● **RAW DATA**

++++++

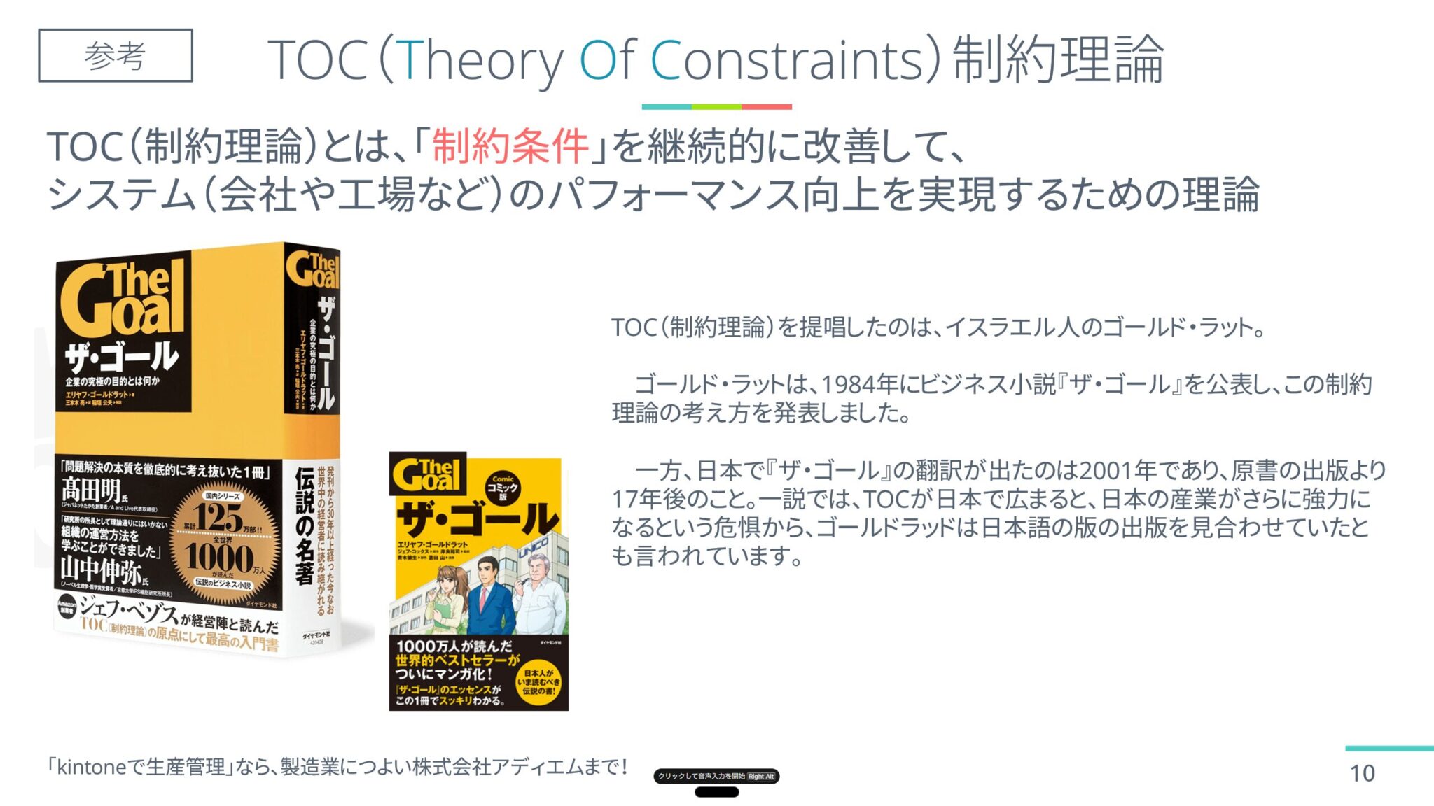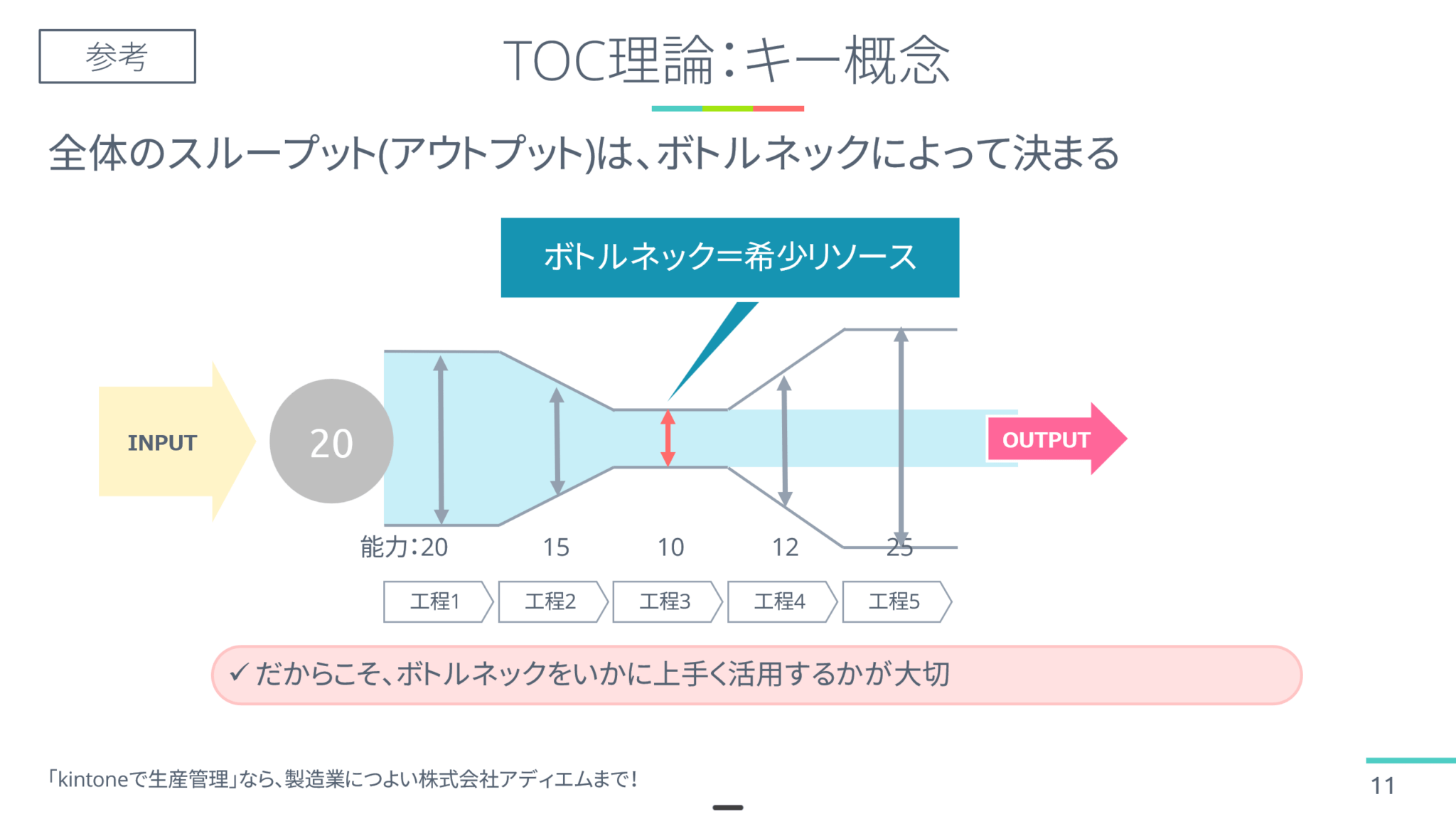 - TOC理論とは、ボトルネック工程に着目して、全体最適化を図る理論。固定費を増やさずに、工場の生産性を向上することができます。
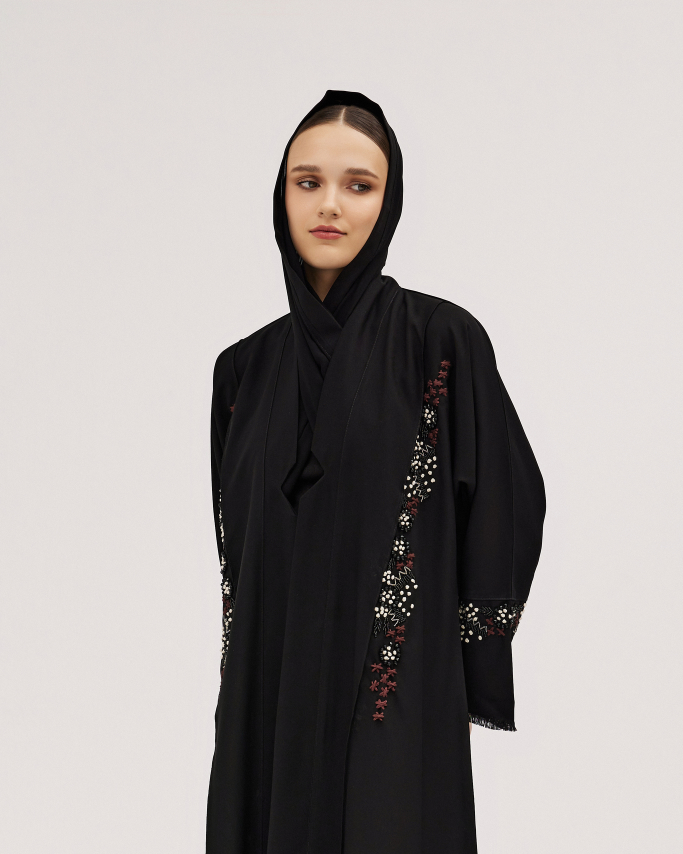 عبايات سوروزيه – عبايات لينن نص كلوش بتصميم لف وتطريز زخرفي بخيوط سوداء – تيفاني
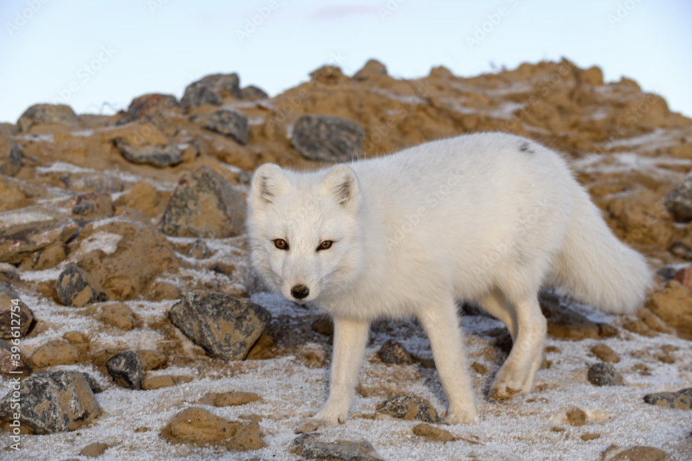 Arctic fox in winter time in Siberian tundra
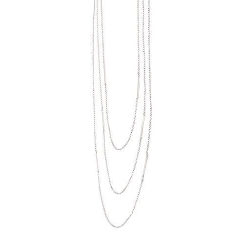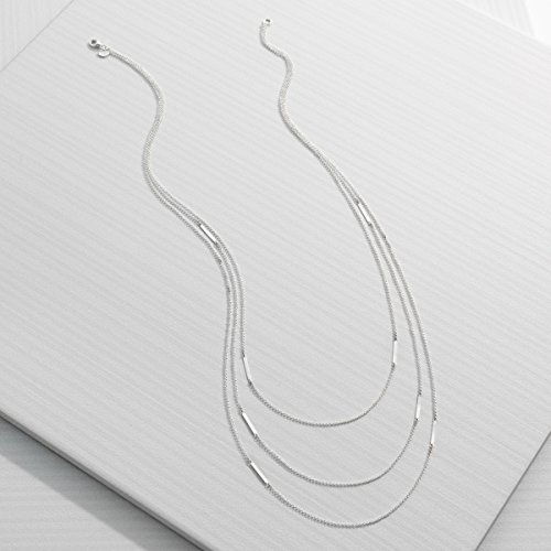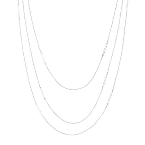 The Genoa Necklace features three sterling silver chains decorated with small, rectangular sterling silver bars toward the bases of the chains, giving you style that's both minimal and on-trend

++++++

● **WHAT THE EXERCISE ASKS**
Exclude the images and reproduce the remaining data exactly.

● **SOLUTION**
 - TOC理論とは、ボトルネック工程に着目して、全体最適化を図る理論。固定費を増やさずに、工場の生産性を向上することができます。
 عبايات سوروزيه – عبايات لينن نص كلوش بتصميم لف وتطريز زخرفي بخيوط سوداء – تيفاني
 Arctic fox in winter time in Siberian tundra
 The Genoa Necklace features three sterling silver chains decorated with small, rectangular sterling silver bars toward the bases of the chains, giving you style that's both minimal and on-trend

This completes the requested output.